Yeah…I mean, it definitely takes an intelligent audience, I think, to really follow all the nuances of it. And it’s not…you know, you have to work a little to watch it, and I think that’s good because it gets people involved, it gets them excited, because they wanna try to figure something out, so I think it’s definitely a turn for the better in terms of TV watching.
Now Sarah, you have a unique thing, you weren’t like a show-biz kid or anything, you’re from St. Louis, you were an architectural photographer, and you started acting in the theatre while you were doing that?
Yeah, well basically I was a photography and Italian major in college, and when I was in St. Louis, working on photography, I took some photos for free for this cultural art centre, and they offered to give me classes for payment, and I took an acting class, and when I was in Italy in my senior year of college, I took some acting over there, so I just sort of started to think ‘Maybe I wanna do this’… so I went to New York to start to study that.
And you went to a bunch of different theatre companies in New York, right?
Yeah, I did. I mean, that’s sort of how you get around, I mean I studied for two years at Circle In The Square but to really kind of cut your traps, you have to get your teeth…you have to, you know, be out there on the stage in front of a lot of people, and the downtown theatre scene is good for that.
Tell me a little bit about the short film that you did won you an outstanding performance at the Brooklyn Film Festival?
Oh, it was really such a beautiful project, […] was the writer and director on that and it basically was a short film that she did depicting a sort of tramp-like clown, which was played by me, she modelled him after Charlie Chaplin and Buster Keaton, and it’s a silent movie that takes place in New York, but in the present day, and it basically unites this sort of quirky clown type performer that gets kicked out of the circus with a man who is the left at the altar because of his inability to laugh…and I basically make him laugh at the end of the movie, so it’s a cute movie.”
Will that be coming onto video, or…?
I think, you know, she’s definitely, it’s gone through the film… I’m sorry, I’m having a blank here.
The festival thing!
The festival circuit, thank you, and it might show up on IFC or something, one of those independent channels that have the short film festivals.
Right. I understand you made a guest appearance on ‘Sex And The City’.
What was the character you played? It must have been a lot of fun working with the cast.
Oh, they’re a great cast, and it was a small part, but it was definetely fun, I worked with Kirsten Davies…she plays…it was the episode where she has a party with all the ex boyfriends of her friends to be invited, so that everyone else can try to find a new man, and I bring my ex boyfriend who she sort of falls for, and then I decide at the end of the night that maybe he’s not so sad and I maybe want him back.

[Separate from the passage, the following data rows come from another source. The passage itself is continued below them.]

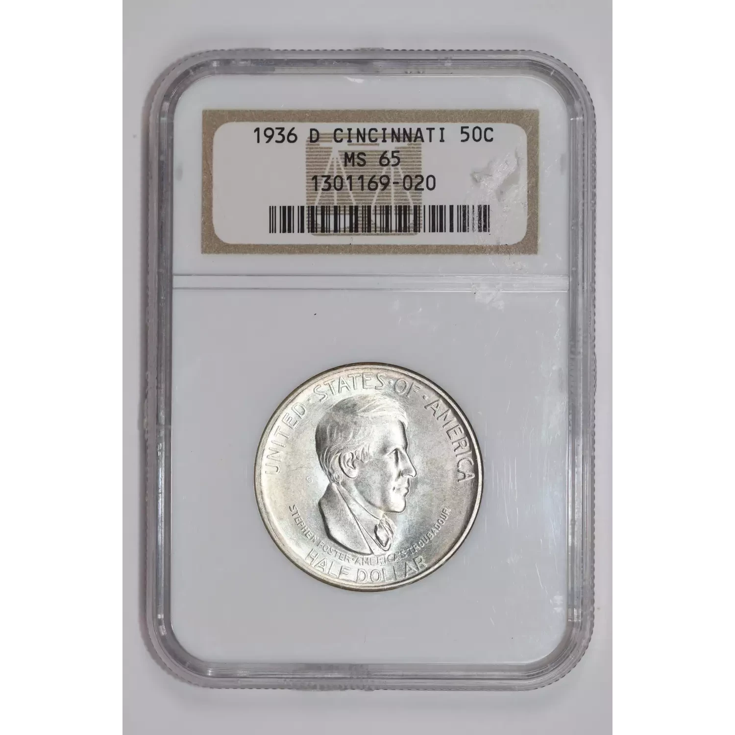 1936-D CINCINNATI COMMEMORATIVE HALF DOLLAR NGC MS65 PQ!
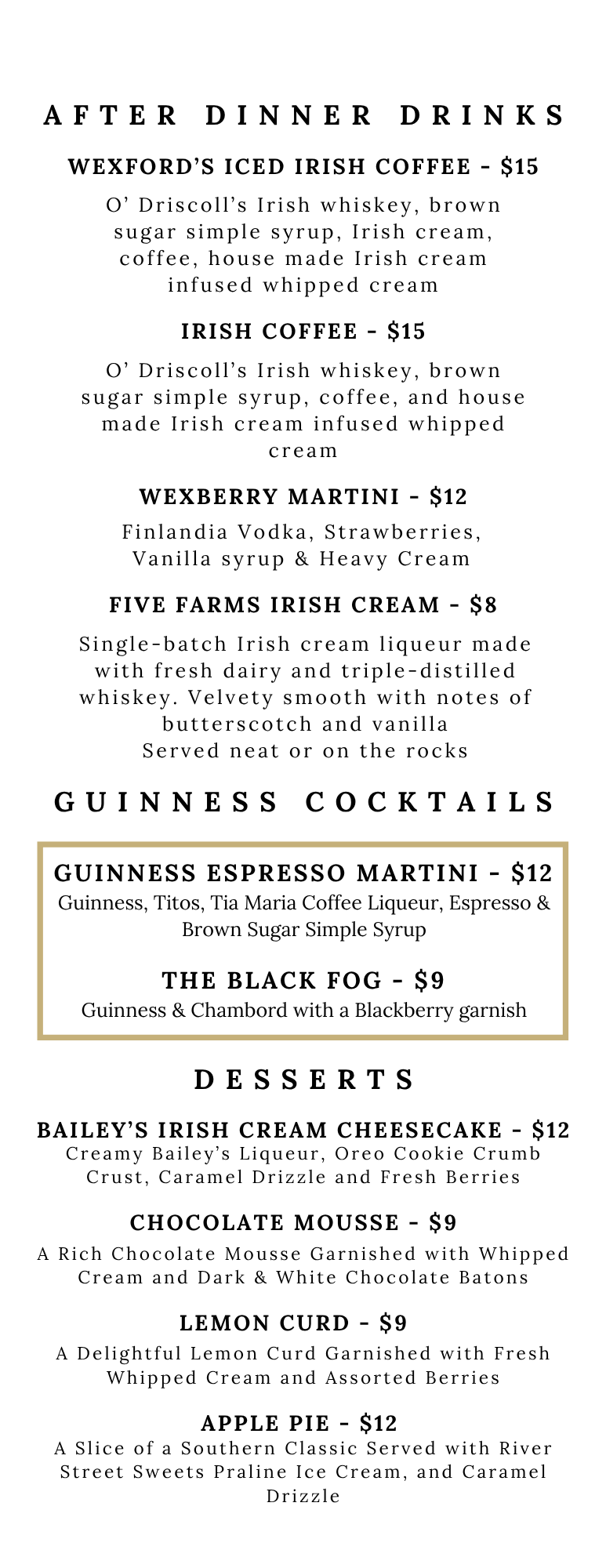 O'Driscoll's Irish Whiskey, brown sugar simple syrup, Irish Cream, coffee, house made Irish Cream infused whipped cream
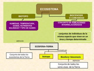 El documento explica los conceptos básicos de ecosistema, biotopo, biocenosis y las relaciones entre los componentes de un ecosistema. Describe cómo la materia circula y la energía fluye a través de un ecosistema. Además, detalla las diferentes relaciones intra e interespecíficas como la competencia, simbiosis, mutualismo, parasitismo, comensalismo y depredación.
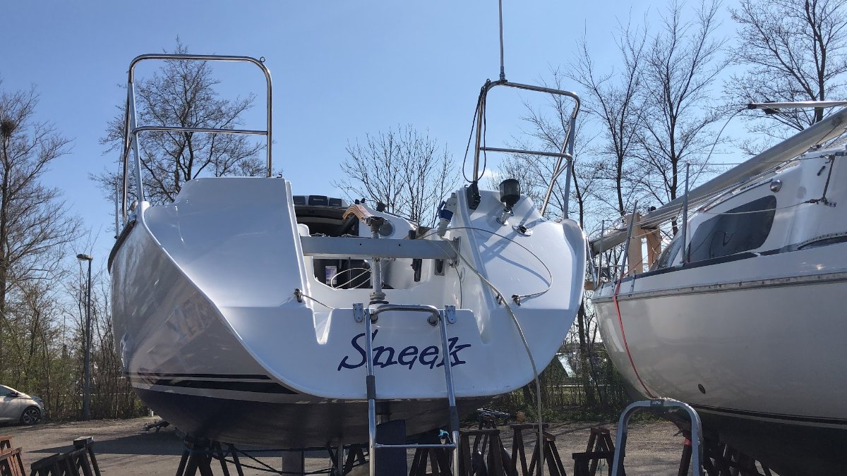 Unsere Eberspächer Dieselheizung läuft immer noch. Leider ist die Position des Borddurchlasses im Heckspiegel ( mit einem ca. 20cm hohen Auspuffs mit Pilzhaube) sehr unglücklich. Die Achterleinen sind nur schwer über kreuz zu legen.

I remember that episode, wow. Any chance for another appearance on that?
Well, you know, because of the show taking so much time, that’s sort of where I’m putting my focus.
Tell me about that, you mentioned that, how many hours are you spending on 24?
It’s definitely not as much as if you were, you know, there was only a core cast that shot, but because there’s five open story lines, we do get some time off. When we do work, it’s very intense, because of the nature of the story that we’re telling, but it’s nice that we get full days off, two or three days off, and we always get the weekends off, so that we can have some down time to sort of get our lives back in order, and to prepare for the next script.
I’ll tell you, one of the early episodes your character…it looked like she was bad, and I was really bummed out with her, so was Jack, but it turned out that that was a kind of lead that someone threw, a false lead, and she’s actually very good. Your character and Jack Bauer’s character seem to have a lot of chemistry…of course, they dated at one point when he was as Ross would say “in time out from his relationship”.
I’d like to think I was there to console him.
Yeah, I think you were, but of course another one that you were dating is there, who I don’t think is a good guy…
Tony…yeah, well, they definitely want you to think that no one can be trusted. And no one can be, everyone is double-crossing everyone else.
True. I mean, we could find out later on that your character’s nasty too. I would think that she’s so wonderful like you are, but you never know! How much input do you have into the development of these characters, are you reading scripts, are you inputing at all?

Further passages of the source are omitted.